[Python-3000] doctests vs. unittests (was Re: pimp; restructuring the standard library)

Chris McDonough chrism at plope.com
Fri Jun 29 07:40:39 CEST 2007


On Jun 28, 2007, at 11:46 PM, Barry Warsaw wrote:

> The thing that convinced me was the realization (assisted by my  
> colleagues) that doctests are first and foremost documentation.   
> They are testable documentation sure, but the unit tests are  
> secondary.  There's no question that for things like system  
> documentation, the narrative that weaves the testable bits together  
> in a well written doctest are much more valuable than the tests.

I suspect it would be even more valuable as documentation if it  
didn't give good coverage.


> Most unittest based tests have little or no comments, and nothing  
> approaching the narrative in a good doctest, so it's clear that  
> unittests are tests first and probably not documentation at all.
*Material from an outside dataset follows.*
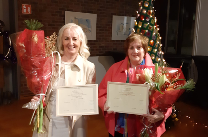 Beide dames kregen een mooie ruiker bloemen, een ingekaderd diploma, een feestelijke fles en een warm applaus.

This probably isn't the place for this discussion but I'll give an  
explanation about why I think that's actually a good thing.

I find that I only get good test coverage when I have more test code  
for a component than the implementation of the component I'm trying  
to test.   At least that's been my experience.  I haven't been able  
to make the tests more succinct while still testing things adequately.

When coverage gets good, "documentation-ness" of tests suffers.  You  
can get good test coverage with any sort of tests.  But once you get  
good test coverage, whatever framework you've chose to write them in,  
the tests are no longer very good as narrative documentation because  
they're littered with bits of fixture code, edge case assertions, etc.

I don't mind doctest at all really (I just use unittest out of  
inertia and personal preference, I'd probably just as happy with nose  
or whatever).  I just don't like when folks advertise the same  
doctest as both a comprehensive set of tests and a component's only  
source of documentation, because I don't think it's possible for it  
to be both at the same time with any sort of quality in both  
directions simultaneously.

That said, having testable documentation is a good thing!  I'd just  
prefer that that documentation did not include lots of fixture noise.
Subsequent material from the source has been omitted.